When a show's ratings fall short of a guarantee, networks give advertisers "make goods" -- free ad time to make up for the shortfall. And because ratings are down this season, networks have had to use up some of their spare inventory to compensate advertisers for lower ratings. That means they have less time to sell.
That pressure became evident Tuesday when NBC confirmed that it had taken the highly unusual step of returning cash to advertisers to compensate them for prime-time ratings shortfalls from earlier in the year. NBC remitted about $10 million, according to a person familiar with the situation.
"This represents an extremely small portion of NBC's business and accommodates the changing needs of our clients' marketing plans," NBC said.

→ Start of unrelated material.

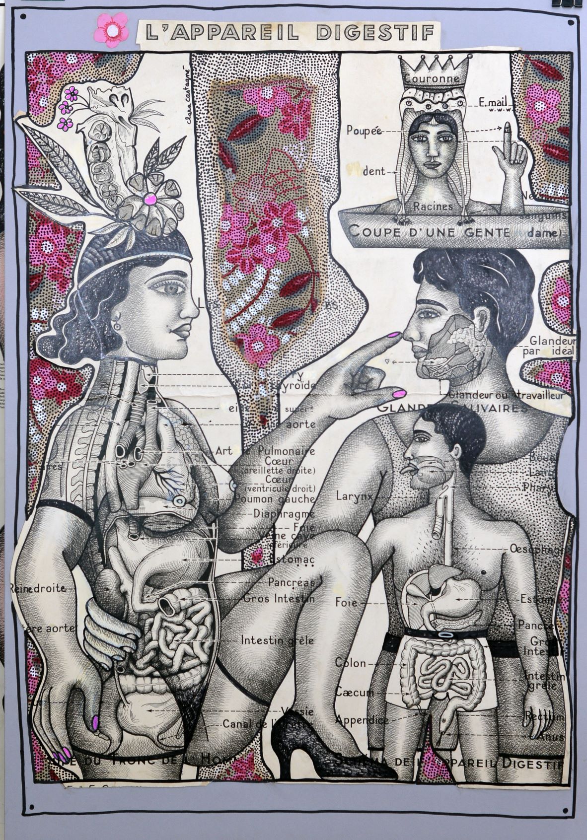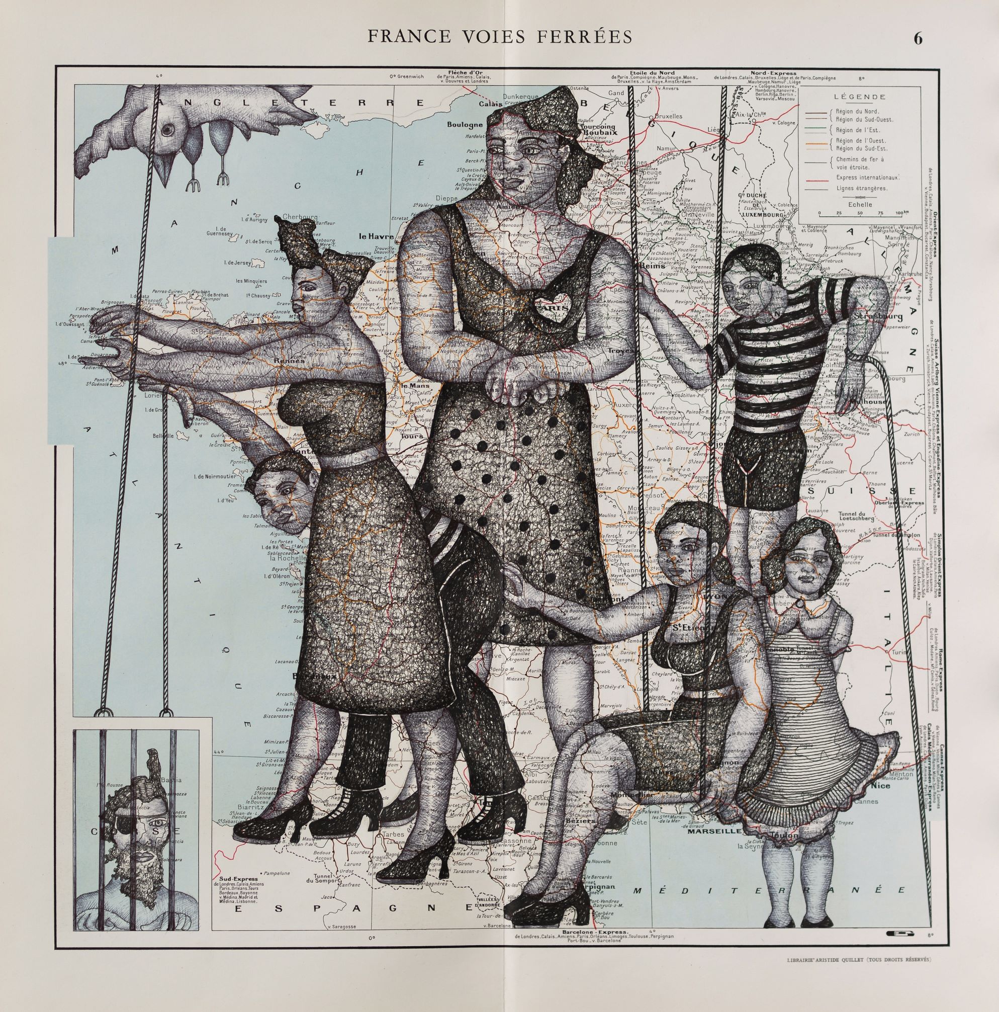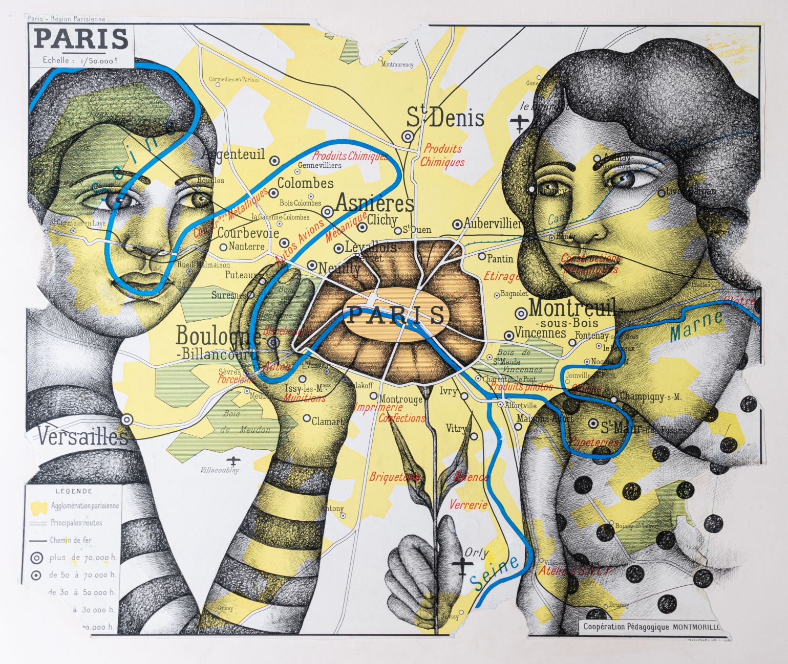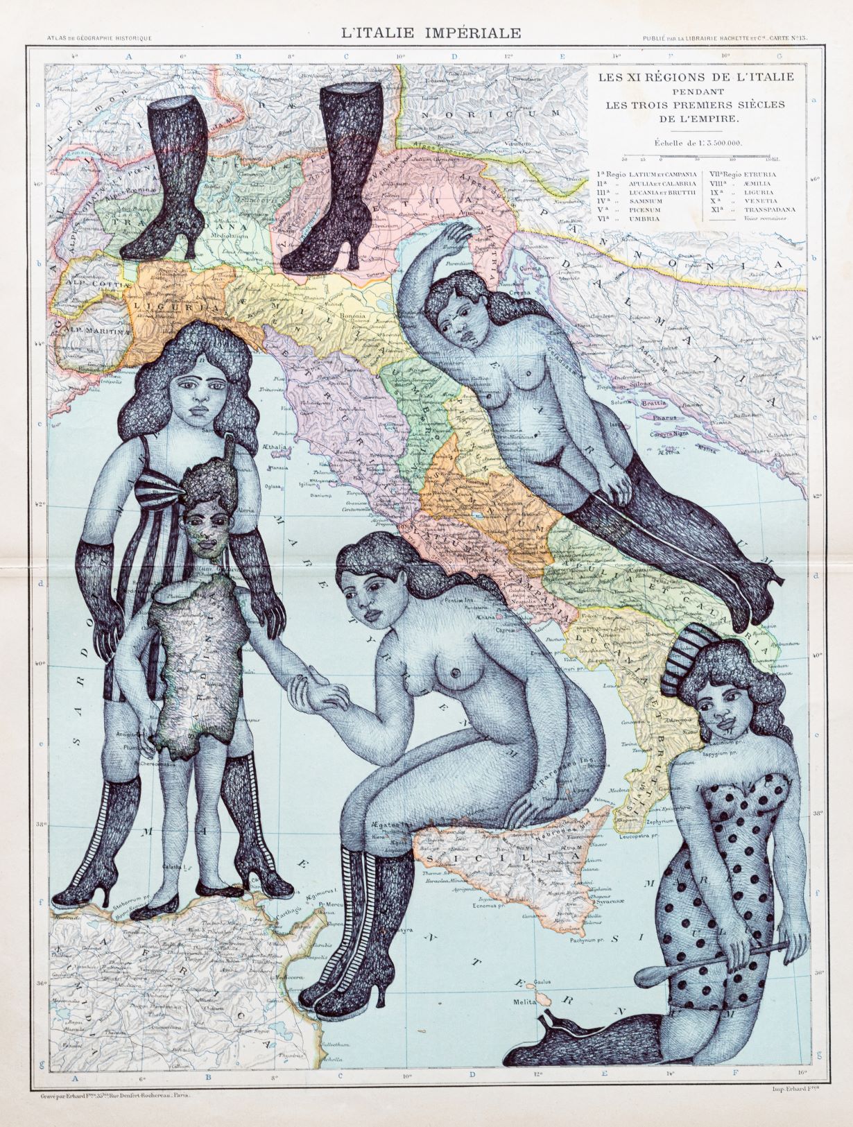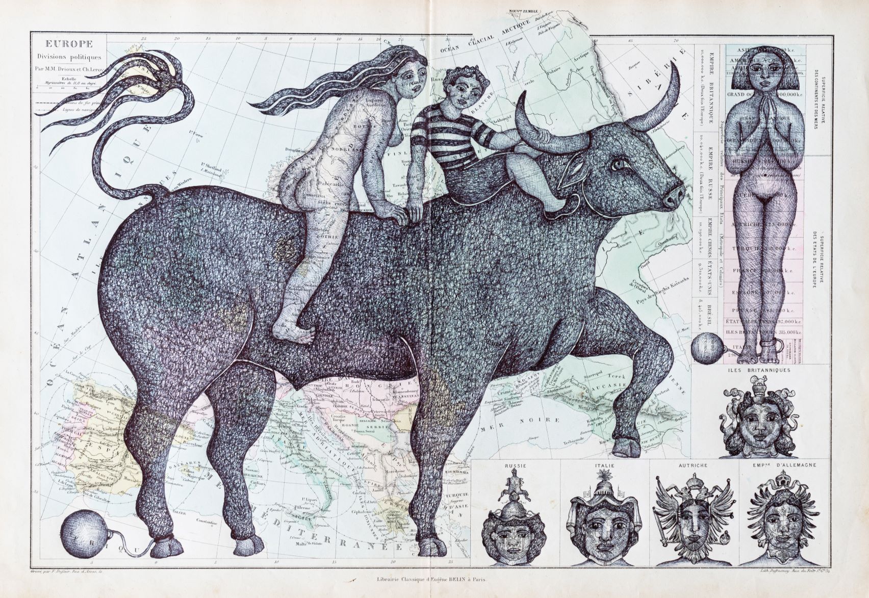 L’essentiel de mon travail consiste en la réinterprétation de supports existants (photographies anciennes, planches anatomiques, cartes géographiques…..). A travers mon dessin figuratif, je propose un univers peuplé de personnages fantasmatiques inspirés de temps anciens et modernes. Les supports anciens que j’utilise servent de point de départ et guident mon trait. Les mythes anciens ou plus récents m’aident à explorer l’universalité de l’humain. Je renouvelle ainsi l’art du collage et de la superposition, cher aux artistes du Bahaus.
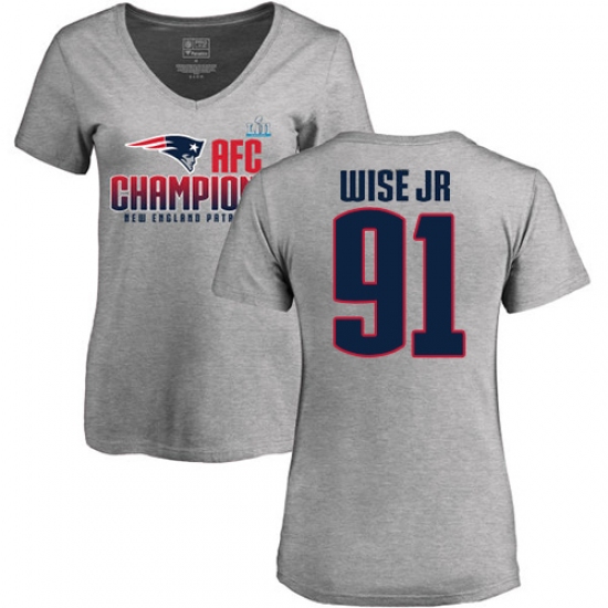 >Women's Nike New England Patriots #91 Deatrich Wise Jr Heather Gray 2017 AFC Champions V-Neck T-Shirt

CBS and ABC also are providing advertisers make-good time, but those networks said they were not returning cash to advertisers. But if the strike continues well into the new year, then some ad buyers are worried that the networks will run out of leftover time to compensate for the lower ratings.
Advertisers such as Procter & Gamble Co., Coca-Cola Co. and American Express Co. say they have not altered their plans.
Not yet anyway. Hollywood's labor issues "get people thinking about other media, which frankly is what we should be doing anyway," said Rob Schwartz of ad firm TBWA/Chiat/Day.